Among the 39 WMH eGenes with high colocalization probability (Fig. 5, Supplementary Data 21), 4 (MAPT, CRHR1, CALCRL, NOTCH4) are registered as targets of approved drugs in the DrugBank database and the Therapeutic Target Database (Supplementary Data 22).

## Discussion

This largest genetic study to date on complex SVD13,14,16,17,18, leveraging genetic and brain-imaging information from 50,970 older community persons, triples the number of genetic loci associated with cerebral SVD and shows that this genetic risk results in detectable brain changes among asymptomatic young adults in their twenties. We further demonstrate the importance of higher BP as a risk factor for WMH even below clinical thresholds for HTN. MR analysis provides strong evidence for causal links of genetically determined WMH volume with risk of ischemic stroke, intracerebral haemorrhage, and Alzheimer-type dementia in later life. Importantly, we also provide insight into molecular pathways underlying SVD, highlighting relevant tissue and cell types, and suggest potential for genetic stratification of high-risk individuals and for genetically informed prioritization of drug targets for prevention trials.

Our approach focusing on the most common brain-imaging feature of SVD appears to be more powerful than GWAS of the small vessel stroke subtype to identify risk loci for SVD. Indeed, no new small vessel stroke risk locus was identified in MEGASTROKE, the largest stroke GWAS meta-analysis to date14. We show a strong association between genetically determined WMH burden and risk of stroke in the general population, notably both risk of ischemic stroke and of intracerebral hemorrhage. While corroborating epidemiological observations3,50, this has never been demonstrated using genetic instrumental variables, providing evidence for causality. This prompts greater caution with the common empirical prescription of antiplatelet therapy in persons with extensive WMH in the absence of clinical stroke3, given the potential detrimental effects on intracerebral hemorrhage risk, and suggests the need for randomized clinical trials to determine the risk/benefit ratio of antiplatelet therapy in this setting.

The significant association we describe between genetically determined WMH burden and Alzheimer-type dementia also has potential important implications for prevention. It strengthens recent epidemiological evidence that WMH is associated not only with an increased risk of all and vascular dementia, but also of neurodegenerative Alzheimer-type dementia3,51, providing for the first time evidence for causality using the WMH wGRS as an instrumental variable. Because of the proven ability to treat vascular risk factors, understanding and targeting the biological mechanisms of the vascular contribution to cognitive impairment and dementia, and specifically how cerebral SVD contributes to the molecular pathology of Alzheimer disease, are areas of intense research and clinical interest52, especially given the current absence of other efficient therapies. Our results suggest that WMH should be considered a major target for preventative interventions, to mitigate not only the risk of stroke and vascular cognitive impairment but also of Alzheimer-type dementia, and support the rationale of innovative trials using WMH progression as a surrogate or intermediate endpoint for cognitive decline and dementia.
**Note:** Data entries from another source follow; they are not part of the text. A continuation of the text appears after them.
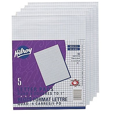 Hilroy® 8-3/8 X 10-7/8” pads with 15 lb. white paper and graph ruling, four squares to one inch. Clear gummed glued binding. Stiff backboard for writing support.
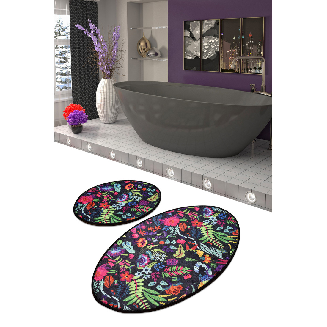Set Covor Baie 2 Pictura Black Oval
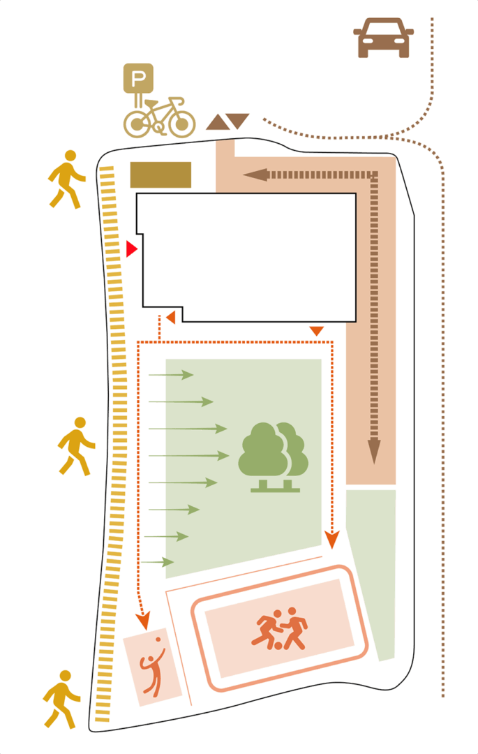 Der Baukörper folgt einer klaren, geometrischen Formensprache und ist kompakt konfiguriert. Seine Platzierung an der Ostgrenze des Planungsgebiets maximiert die Freifläche im Westen, die nach dem Abriss der Bestandsbauten als zusammenhängender Grünraum genutzt wird. Gleichzeitig bleibt der Bestand während der Bauphase nutzbar. Ein zentraler, offener Innenraum nimmt die vertikale Erschließung der Schule auf. Um dieses lichtdurchflutete Gebäudezentrum gruppieren sich die einzelnen Nutzungsbereiche. Während die Unterrichtsräume geschlossener gestaltet sind, öffnen sich Homebases und Lerninseln als Einschnitte bis zur Außenfassade und schaffen räumliche Bezüge zum Freiraum.
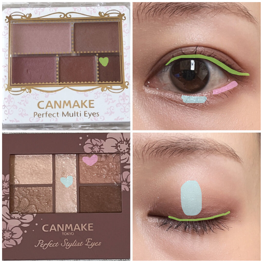 \ナチュラルキャンメイクメイク/♡••••♡CANMAKEパーフェクトマルチアイズ09ロゼパンナコッタジュエリーシャドウベール06バレリーナベージュクリーミータッチライナー11クラウディーグレー♡••••♡マスカラ以外キャンメイクを使ってメイ...
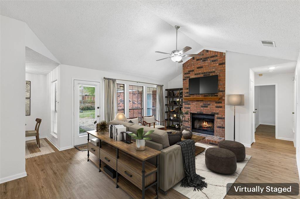 Rare opportunity in Coppell! This beautifully updated 3-bedroom, 2-bath residence offers a warm and inviting atmosphere from the moment you enter. The welcoming living room features a soaring vaulted ceiling and a striking brick fireplace, creating a comfortable and central gathering space. The spacious eat-in kitchen is designed for both everyday living and entertaining, complete with built-in appliances, generous storage, ample preparation space, and a bright breakfast nook filled with natural light. A formal dining room provides additional flexibility, ideal for hosting gatherings or special occasions. The primary bedroom serves as a relaxing retreat with its vaulted ceiling, ensuite bath featuring dual sinks, and a walk-in closet. Secondary bedrooms are well-sized and offer versatile use to meet a variety of needs. Enjoy the private backyard oasis, complete with a patio and lush landscaping—perfect for outdoor relaxation or entertaining. Washer, Dryer, and refrigerator included. Thoughtfully updated and well-maintained, this home combines comfort, functionality, and style in a highly desirable location. Great location with many nearby parks, shopping, and dining options. 3D tour available online!

Over half of identified WMH risk loci are associated with higher BP levels. Moreover, using MR we provide evidence for a causal association between higher BP and larger WMH volume, notably even in participants without clinically defined HTN at the time of the MRI. Indeed, associations of genetically predicted SBP and DBP with WMH volume remained significant in participants without HTN, highlighting that higher levels of BP are likely causally associated with larger WMH volume even below BP thresholds typically used for the definition of HTN43. Considering the recent conclusions from the SPRINT-MIND trial suggesting that more drastic lowering of BP in persons with HTN is associated with slower progression of WMH volume and a lower risk of developing the combined outcome of mild cognitive impairment or dementia53,54, our results suggest that trials to test a similar impact of intensive BP lowering in high-risk individuals who do not meet the current clinical thresholds for HTN could be warranted. We additionally show strong causal association between increased exposure to cigarette smoking over the lifetime (lifetime smoking index) and increased WMH burden, as has recently been described in relation with stroke risk55, providing some additional evidence for the relevance of smoking cessation to prevent vascular brain injury and specifically SVD.
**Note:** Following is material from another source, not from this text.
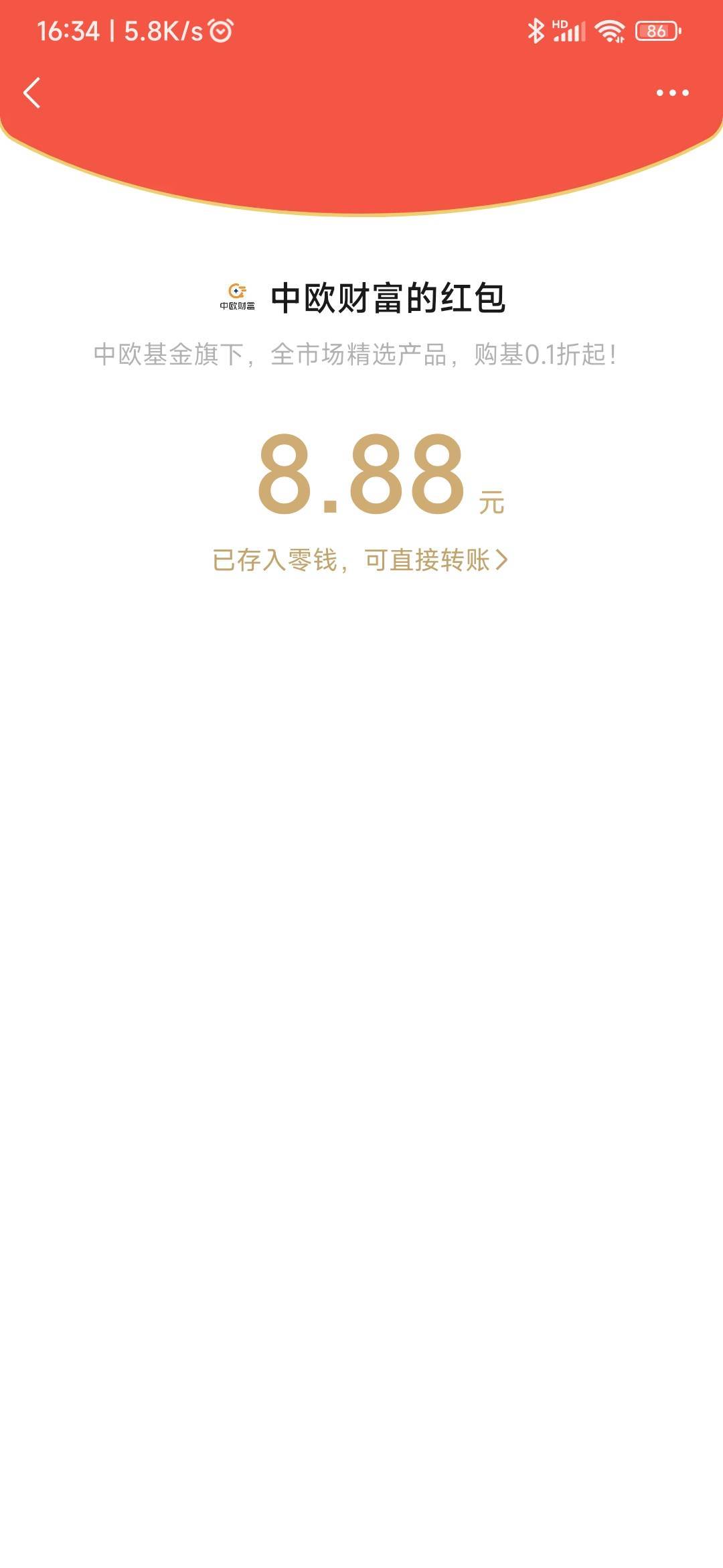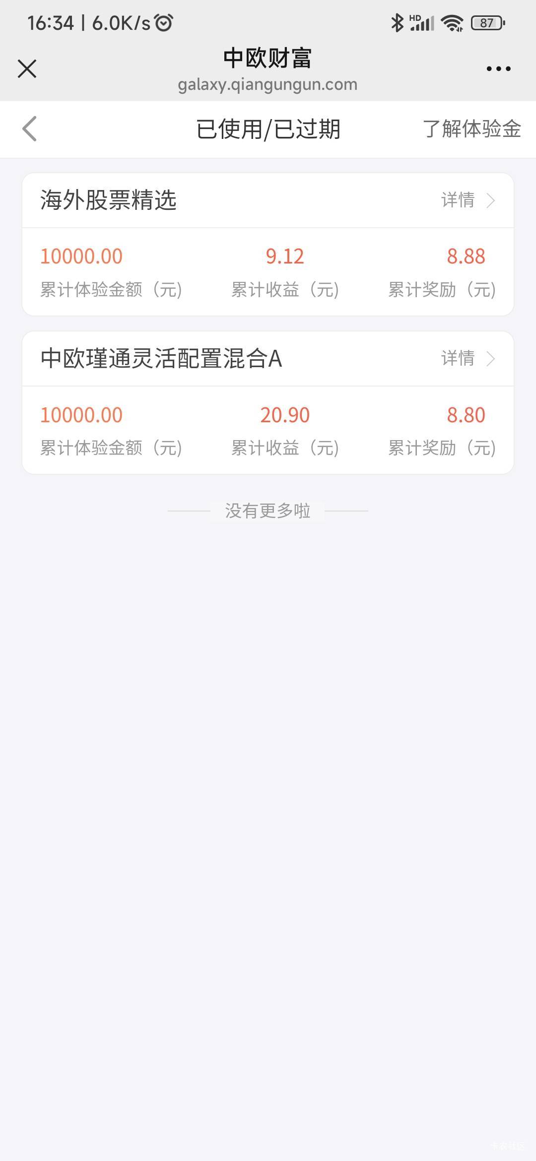wx服务号中欧财富,之前领的体验金奖励发了两个8.8

Importantly, a quarter of the identified WMH risk loci reflect molecular mechanisms that are not mediated by BP or other known vascular risk factors, two of these (NID2, VCAN), along with the COL4A2 and EFEMP1 locus, implicate genes encoding matrisome proteins56, involved in cell membrane structure and representing core components of the extracellular matrix (ECM). Converging evidence from experimental models for monogenic SVD suggest that perturbations of the matrisome play a central role in disease pathophysiology57. Our findings suggest that these could also be relevant for sporadic forms of SVD. NID2 encodes nidogen, an ECM glycoprotein and a major component of basement membranes and is recognized as having a role in post-stroke angiogenesis58,59. Mutations in COL4A1/2, encoding collagen another basement membrane component already are known causing monogenic SVD26. VCAN, which we also found to be associated with white matter microstructure in young adults, encodes versican, a proteoglycan involved in cell adhesion and ECM assembly60. In CARASIL, a monogenic SVD caused by HTRA1 mutations, accumulation of versican in the thickened arterial wall was observed27. Versican also can form complexes that inhibit oligodendrocyte maturation and remyelination61. EFEMP1 encodes fibulin 3, an ECM glycoprotein localised in the basement membrane, and a proteolytic target of serine protease HTRA162. Other previously unreported WMH risk loci that we have identified include KCNK2 that encodes Twik-related K + channel (TREK1), a 2-pore-domain background ATP-sensitive potassium channel expressed throughout the central nervous system, more prominently in fetal than in adult brain. ECHDC3, near a distinct locus (r2 < 0.01) previously implicated in Alzheimer disease63. MN1, which previously has been causally related to familial meningiomas64, and XKR6, which has been associated with risk of systemic lupus erythematosus65.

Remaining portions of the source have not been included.